Xiaomeng Li has helped create an innovative program to combat teen obesity
Xiaomeng Li is one of three Teachers College students (and four associated with Columbia) who scored a prestigious award for their innovative Harlem Fruit Project last spring, but the hope is the real winners will be neighborhood adolescents armed with new awareness of the vital role fresh produce plays in their diets.

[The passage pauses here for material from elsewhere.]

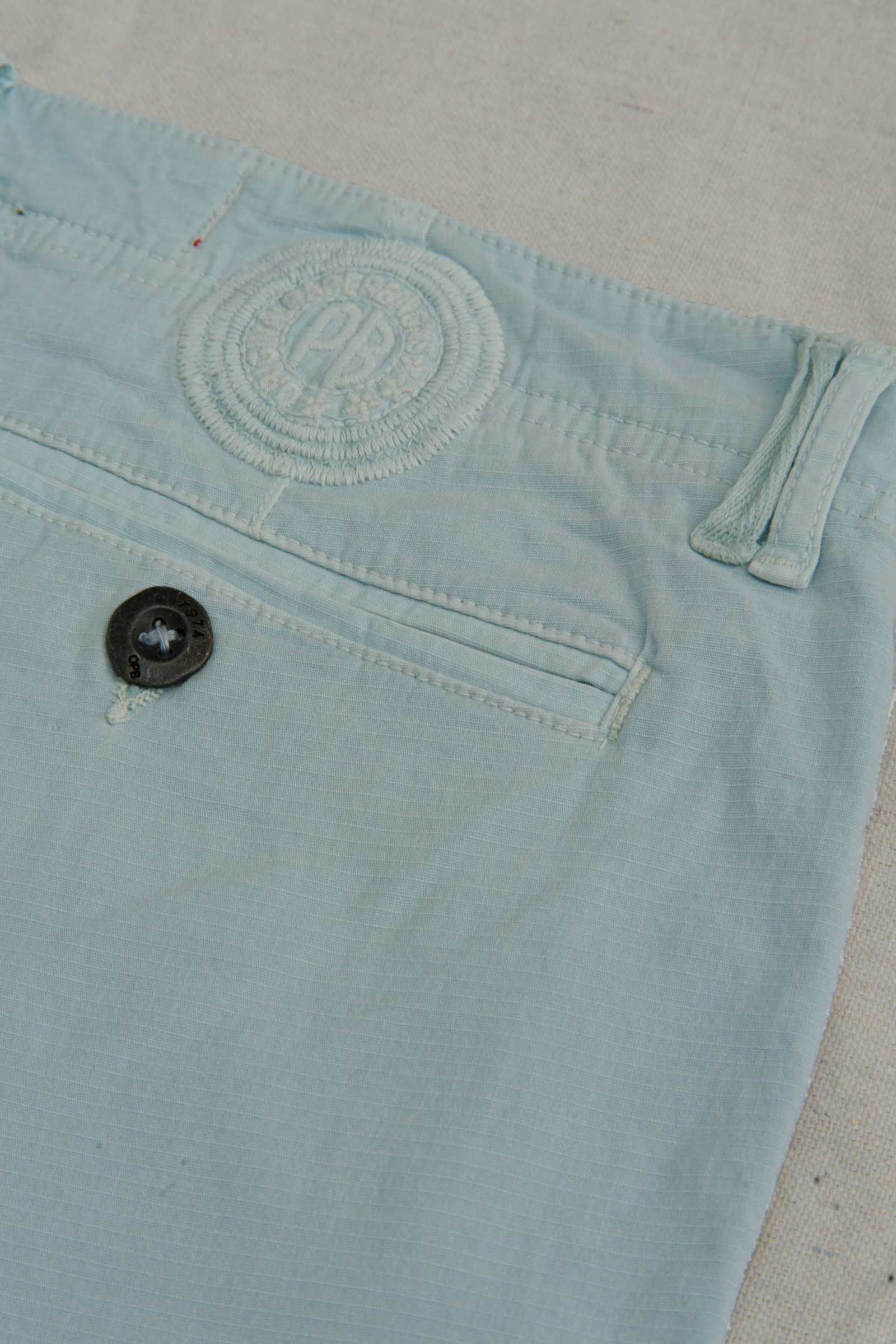 Detail: Structured waistband with belt loops. Front button closure and zipper fly. Side slash pockets. Front coin pocket at wearer's right. Two back open welt pockets. 3/4" clean bottom hem. 5" inseam.

Li, a native of Mainland China, is in the second year of her Master of Science program in nutrition and education. The Public Health Education and Health Promotion Section of the American Public Health Association recognized her and three others for efforts to boost fruit and vegetable consumption among youths in Harlem.
 
TC students Li, Katie Hornung (M.A., Sociology and Education, ’09) and Diana Cardona, along with Amy Patel of the Mailman School of Public Health, were honored for that work at the association’s annual meeting last November in Philadelphia.
 
The students created the campaign during a course on social marketing and health communications taught by Ray Marks, Adjunct Associate Professor of Health Education at TC. The project addresses widespread concerns that, by more readily opting for a Big Mac than a McIntosh apple, young people are helping to create a nation in which two in three adolescents are overweight.
 
The resulting health issues are often more pronounced among racial and ethnic minorities. Li notes that only two supermarkets per every 10,000 people serve Harlem’s residents, a shortage that puts fresh fruit and vegetables beyond reach of the average teen.
 
To reverse that trend, she and other project members hope to enlist wholesale fruit companies to increase availability and promote fresh fruit and vegetable consumption in the underserved region. The group wants to implement a fruit truck to deliver products to residents with limited access, and to ply the neighborhoods with colorful signs and banners crafted to appeal to youthful eyes.
 
Brochures and T-shirts bearing the stylized Harlem Fruit Project Logo help 12- through 18-year-olds identify with a brand that is uniquely their own. Li is also designing a Web site offering basic nutritional facts and outlining the downside of calorie-rich fast food, snacks.
 
The project is working to further develop a relationship with the Harlem Health Promotion Center at Columbia, one of 33 centers the U.S. Centers for Disease Control and Prevention sponsors nationally.
 
Li, 25, grew up in Datong in her country’s Shanxi Province, about eight hours north of Beijing. She attended Beijing Normal University, the main teachers college in China, graduating in 2008 with a major in biology.
 
She plans to work in the United States for several years as a registered dietician before returning to China, where, she laments, a fast-food culture is taking hold in the larger cities, bringing all its attendant health woes.